Le foncier : un frein à l'installation
Après plusieurs contacts téléphoniques, Héloïse Lafargue, candidate à l'installation avec son conjoint, a rencontré l'ingénieure de la Safer en personne à l'occasion de cette journée. ©AAA_PDeDeus

« Je devrais pouvoir partir en mai 2025 », se réjouit Léon Richard. Jeudi 7 décembre, cet éleveur de brebis a profité de la journée organisée par la chambre d'agriculture à Peaugres pour rencontrer la MSA et s'informer sur ses droits à la retraite. Dans son cas, la transmission n'est pas un frein. « Je loue une ferme communale au Monestier, explique-t-il. Mais bien sûr, j'ai envie qu'il y ait une reprise. J'ai remis les pâturages au propre, j'ai clôturé... Ça m'embêterait que tout cela soit laissé à l'abandon ! » À ses côtés, Christian Nicolas acquiesce-t-il. Également futur retraité, cet arboriculteur de Félines, compte quant à lui transmettre son exploitation à son neveu dans les prochaines années.

Une journée pour tisser un réseau

Dans la grande salle de l'Entre 2, à Peaugres, une femme s'approche des deux hommes pour se présenter. Héloise Lafargue et Damien Russias habitent à Félines et cherchent tant bien que mal un terrain pour installer leurs brebis. « Il y a beaucoup d'exploitations sur le secteur, mais peu de terrain disponible », résume-t-elle. Alors que le couple a déjà commencé à acquérir une dizaine de brebis et des machines pour travailler la terre, les surfaces manquent. À terme, ils voudraient trouver une douzaine d'hectares, pour conduire un troupeau de 80 brebis élevées pour la viande. « On a fait le choix de races rustiques, des Noirs du Velay et des Solognotes. Elles peuvent valoriser tout type de fourrage et rester dehors », souligne la jeune femme.

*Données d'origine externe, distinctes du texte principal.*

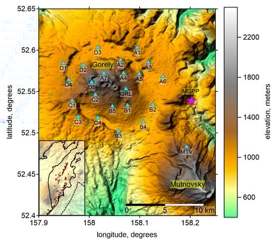 Topographic map of Gorely and Mutnovsky volcanoes. Blue triangles are seismic stations. Magenta star indicates the location of the Mutnovsky geothermal power plant (MGPP). GRL and MTV are the permanent stations of Kamchatcka Branch of Geophysical Survey (KBGS). Inset shows the Kamchatkan peninsula, trench and volcanoes (red dots). The study area is indicated by the yellow dot.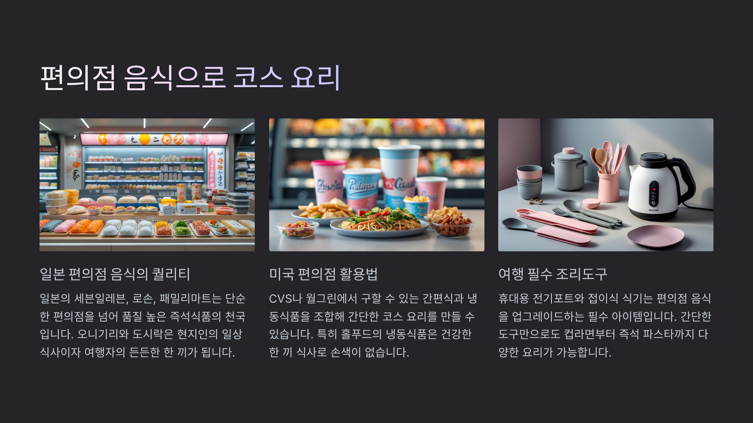 편의점 음식이 저렴하다는 건 누구나 알지만, 그걸 ‘코스 요리’처럼 즐길 수 있다는 건 새로운 발견이에요! 특히 일본, 대만, 태국 같은 나라들은 편의점 음식의 퀄리티가 아주 높아서, 굳이 레스토랑에 가지 않아도 훌륭한 한 끼가 가능하답니다.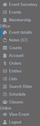 Event Secretary - This will take you back to the Event Secretary Home Page

Pour Héloise Lafargue, cette journée transmission était surtout une nouvelle occasion de se faire connaître auprès des agriculteurs et des différents acteurs de l'installation. « Nous ne sommes pas de la région et pas non plus issus d'une famille d'agriculteurs, on n'a pas vraiment de réseau », précise-t-elle. Après 6 mois de recherche, elle remarque que « les meilleures terres sont souvent vendues aux connaissances ou aux voisins qui veulent agrandir ». À moins d'avoir les moyens d'investir dans un outil conséquent. « Le ressenti qu'on a, c'est que si on n'achète pas une énorme exploitation, on n'y arrivera pas..., se désole-t-elle. Mais on n'en a ni l'utilité, ni les moyens. » Et pour le reste, les surfaces sont souvent petites et très morcelées en raison de l'urbanisation croissante du secteur.

S'adapter et persévérer

« Dans un monde parfait, on voudrait un pré fauchable, un bâtiment, des terrains attenants... Mais on réfléchit à plein de modèles... Beaucoup de choses sont possibles », relativise Héloise. Une dose d'optimisme essentielle pour persévérer dans la recherche foncière. « C'est important de rester dans cette dynamique », l'encourage Denis Jammes, conseiller transmission à la chambre d'agriculture de l'Ardèche. Pour l'heure, le compagnon d'Héloise va bientôt entrer dans une nouvelle étape du parcours d'installation, avec l'élaboration de son plan de professionnalisation personnalisé (voir encadré) et plusieurs formations. « C'est le seul axe  sur lequel on peut avancer pour le moment donc on y va... Mais pour poursuivre l'accompagnement, il faudra absolument une structure foncière », insiste Héloise.

Pauline De Deus

En Ardèche, plus de demandes que d'offres

Ingénieure foncier de la Safer, Marielle Noirot remarque une consommation masquée de foncier, y compris en nord Ardèche. Les habitats morcelés n'arrangent rien avec des acquéreurs qui cherchent à avoir de vastes terrains, sans toutefois conserver leur vocation agricole. « C'est très préoccupant », reconnaît Marielle Noirot. Face à cette réduction des espaces agricoles au profit de terrains résidentiels ou de loisirs, des porteurs de projet agricoles qui peinent à trouver des terres. « En Ardèche, l'offre manque », assure l'ingénieure. 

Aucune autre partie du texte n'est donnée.